鍛錬をするには早すぎる、そう知りながらその六幻がイノセンスだと知って、興味本位で手合わせしようとした。勿論幼い神田相手に本気で掛かるつもりなど無かったし、自分とて、何ら問題がないと、そう信じて疑わなかった。
…………だが。
長すぎる刀を構えてデイシャと対峙した瞬間、その刀は白く輝き――――――そして神田の目は、あの年齢にして、歴戦のエクソシストにも勝るとも劣らない覇気を湛えていた。
いや、あれは覇気などと呼べる代物ではない。
正しく呼ぶなら、あれは―――――――狂気だ。
結果は、勝利に無邪気に喜ぶ神田と、…………呆然としたデイシャを前に途方に暮れる事になったのだが。
『マー君に頼みたいのは、勿論ユー君の日常生活のサポートとかもなんだけどね…………それ以上に、あの子に力の使い方という物を教えてあげて欲しいんだ。そうでないと…………ユー君の力は、ちょっとだけ危険だからね』
元帥という地位にいるが故に常に神田の傍にいるわけにはいかない師が、そう言っていた。

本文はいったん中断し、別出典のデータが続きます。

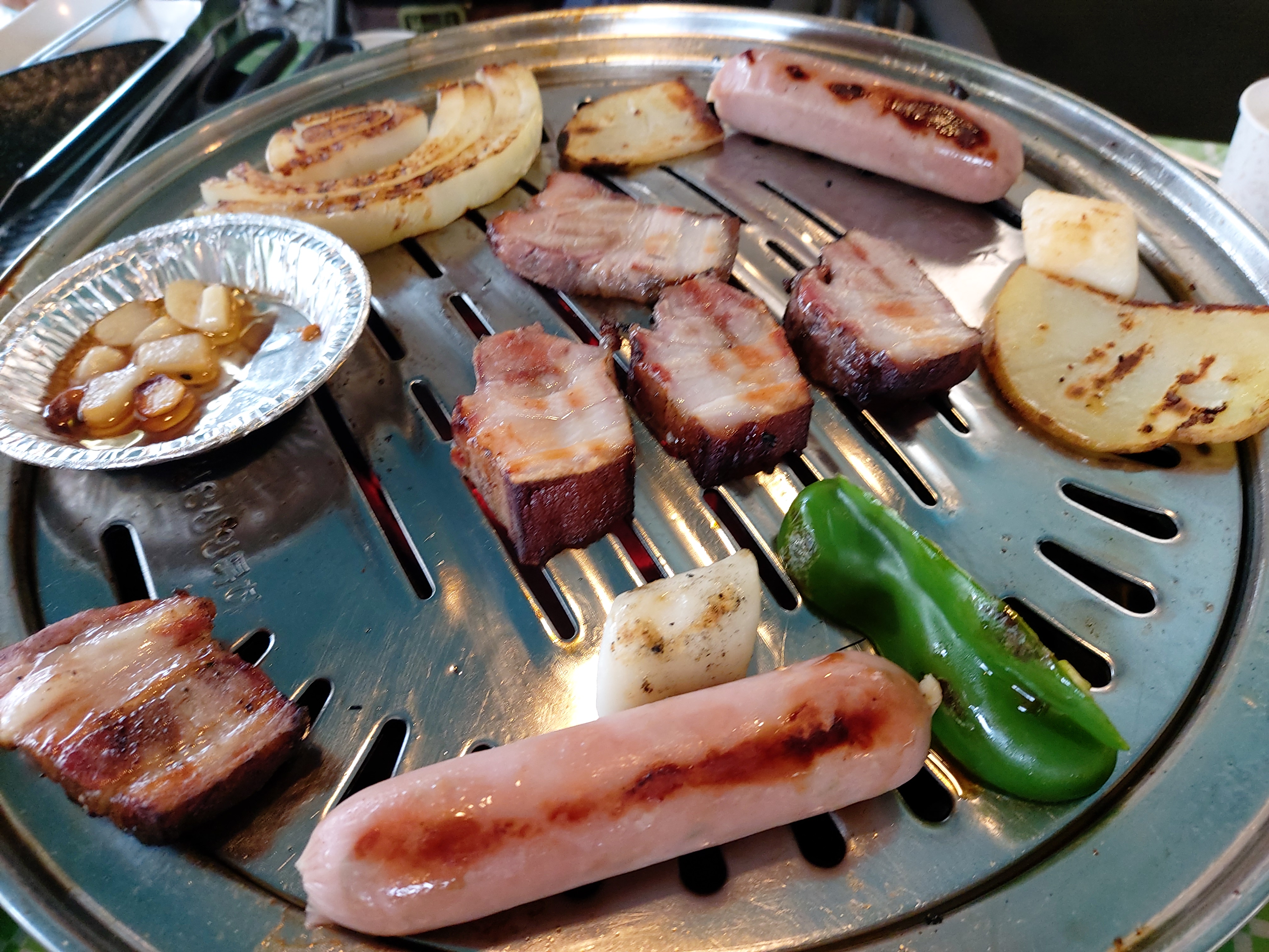 그래서 다음 훈제고기를 굽고 소세지도 올리고 다른 야채들도 또 올려서 구워먹는중. 훈제고기도 맛있었다.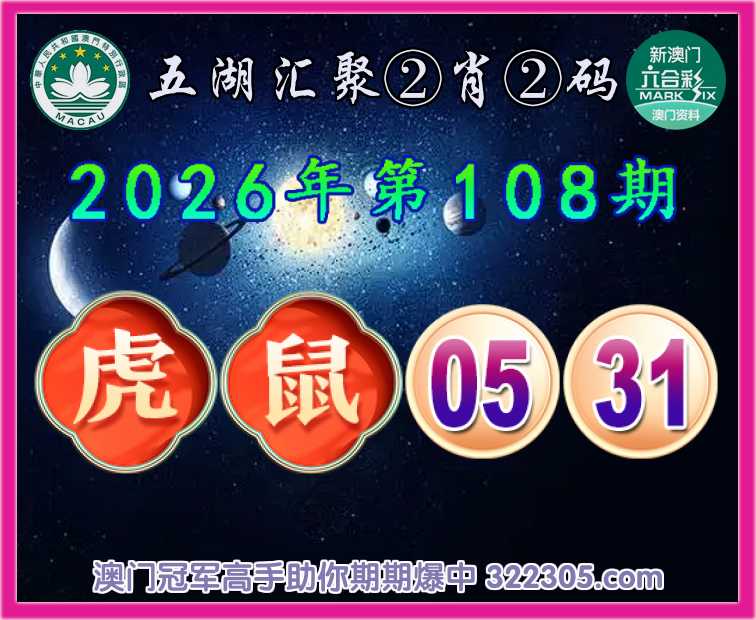 108期:《五湖汇聚》 ♥️②肖②码♥️【虎鼠】【05.31】开:狗45错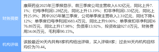 2025年11月5日,太平洋研究员谭紫媚,张懿发布了对康辰药业的研报《康辰药业:血凝酶市场潜力较大,在研管线临床推进顺利》,该研报对康辰药业给出“买入”评级。证券之星数据中心根据近三年发布的研报数据计算,该研报作者对此股的盈利预测准确度为36.46%。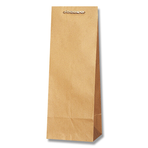この手提げ紙袋は、茶色の無地デザインが特徴で、厚手でしっかりとした作りになっています。サイズはスリムなボトルを入れるのに最適なサイズ感です。袋口と底面には強度を上げるためのボール紙が付いており、安心して商品を入れることができます。

確かに、――――――確かにアレは、危険だ。エクソシストだから、という物ではない。エクソシストであろうがなかろうが、アレは、危険だ。使い方を一つ誤れば周囲の人間も、そして神田自身をも滅ぼすだろう。
この歳にして、これだけの遣い手。
元帥自らが、極東の国に迎えに行ったという事はある――――――。
『マリ、これ、判らない…………』
「ん? どうした?」
しかしながら、その脅威さえなければ――――――いやあったとしても、神田は可愛らしい弟弟子だ。
最近は私にもデイシャにも懐いてくれている。当初元帥の足元を離れなかった事を思えばこれは多大な進歩だ。
神田が指差した文を読み上げると、彼はそれを復唱した。若年ゆえに、言語の習得は早いようだ。これなら半年と掛からず会話が可能になるだろう。
納得したのか声を上げて喜ぶ神田を見て、――――――さて、この子供をどうやって導こうかと、そんな事を考えた。